Apparently if you have set zfs:zfs_recover=1 in your system file the zdb command will operate in a different manner fixing the issues it encounters.

Remember to run a zpool scrub <poolname> if you are lucky enough to get it back online.

This thread has some additional info…

http://opensolaris.org/jive/message.jspa?messageID=479553

Update 31/05/2012

This command has also helped me when i cant mount a pool in RW mode

zpool import -F -f -o readonly=on -R /mnt/temp zpool2

zfs compression and latency

Since im using ZFS as storage via NFS for my some of my vmware environments i need to ensure that latency on my disk is reduced where ever possible.

There is alot of talk about ZFS compression being “faster” than a non-compressed pool due to less physical data being pulled off the drives. This of course depends on the system powering ZFS, but i wanted to run some tests specifically on latency.
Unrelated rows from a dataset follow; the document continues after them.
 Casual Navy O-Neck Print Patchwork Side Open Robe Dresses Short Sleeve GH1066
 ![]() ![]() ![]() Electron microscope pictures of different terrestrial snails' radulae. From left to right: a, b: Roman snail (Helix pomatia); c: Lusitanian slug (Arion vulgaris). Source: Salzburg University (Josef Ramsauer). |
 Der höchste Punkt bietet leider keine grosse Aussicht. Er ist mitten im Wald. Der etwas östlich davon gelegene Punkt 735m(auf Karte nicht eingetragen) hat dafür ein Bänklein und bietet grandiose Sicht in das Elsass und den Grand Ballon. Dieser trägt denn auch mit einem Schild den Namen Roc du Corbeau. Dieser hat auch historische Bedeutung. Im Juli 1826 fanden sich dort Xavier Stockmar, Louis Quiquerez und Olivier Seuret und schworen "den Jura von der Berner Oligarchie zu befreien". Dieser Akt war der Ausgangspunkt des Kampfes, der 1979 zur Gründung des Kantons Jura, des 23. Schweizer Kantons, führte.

Throughput is fine in some situations, but latency is a killer when it comes to lots of small reads and writes (in the case of hosting virtual machines)
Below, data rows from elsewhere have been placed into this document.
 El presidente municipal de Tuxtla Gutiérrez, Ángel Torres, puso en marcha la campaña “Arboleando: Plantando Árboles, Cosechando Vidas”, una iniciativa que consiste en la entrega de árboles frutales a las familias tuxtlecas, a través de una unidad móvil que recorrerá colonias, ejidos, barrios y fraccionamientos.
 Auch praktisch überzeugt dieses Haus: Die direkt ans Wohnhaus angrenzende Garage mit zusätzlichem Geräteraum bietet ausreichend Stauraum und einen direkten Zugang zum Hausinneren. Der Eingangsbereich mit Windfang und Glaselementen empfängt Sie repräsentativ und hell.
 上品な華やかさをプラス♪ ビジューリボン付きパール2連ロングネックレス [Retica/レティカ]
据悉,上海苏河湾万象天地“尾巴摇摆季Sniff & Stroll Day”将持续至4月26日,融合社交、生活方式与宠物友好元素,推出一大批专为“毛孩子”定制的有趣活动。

I recently completed some basic tests focusing on the differences in latency when ZFS compression (lzjb) is enabled or disabled. IOMeter was my tool of choice and i hit my ZFS box via a mapped drive.
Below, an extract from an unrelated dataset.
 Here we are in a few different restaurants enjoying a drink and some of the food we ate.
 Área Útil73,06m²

I’m not concerned with the actual figures, but the difference between the figures

I have run the test multiple times (to eliminate caching as a factor) and can validate that compression (on my system anyhow) increases latency

Basic Results from a “All in one” test suite… (similar results across all my tests)

ZFS uncompressed:

IOps : 2376.68
Read MBps : 15.14
Write MBps : 15.36
Average Response Time : 0.42
Average Read Response Time : 0.42
Average Write Response Time : 0.43
Average Transaction Time : 0.42

ZFS compressed: (lzjb)

IOps : 1901.82
Read MBps : 12.09
Write MBps : 12.28
Average Response Time : 0.53
Average Read Response Time : 0.44
Average Write Response Time : 0.61
Average Transaction Time : 0.53

As you can see from the results, the AWRT especially is much higher due to compression. I wouldn’t recommend using zfs compression where latency is a large factor (virtual machines)

Note: Under all the tests performed the CPU (dual core) on the zfs box was never 100% – eliminating that as a bottleneck.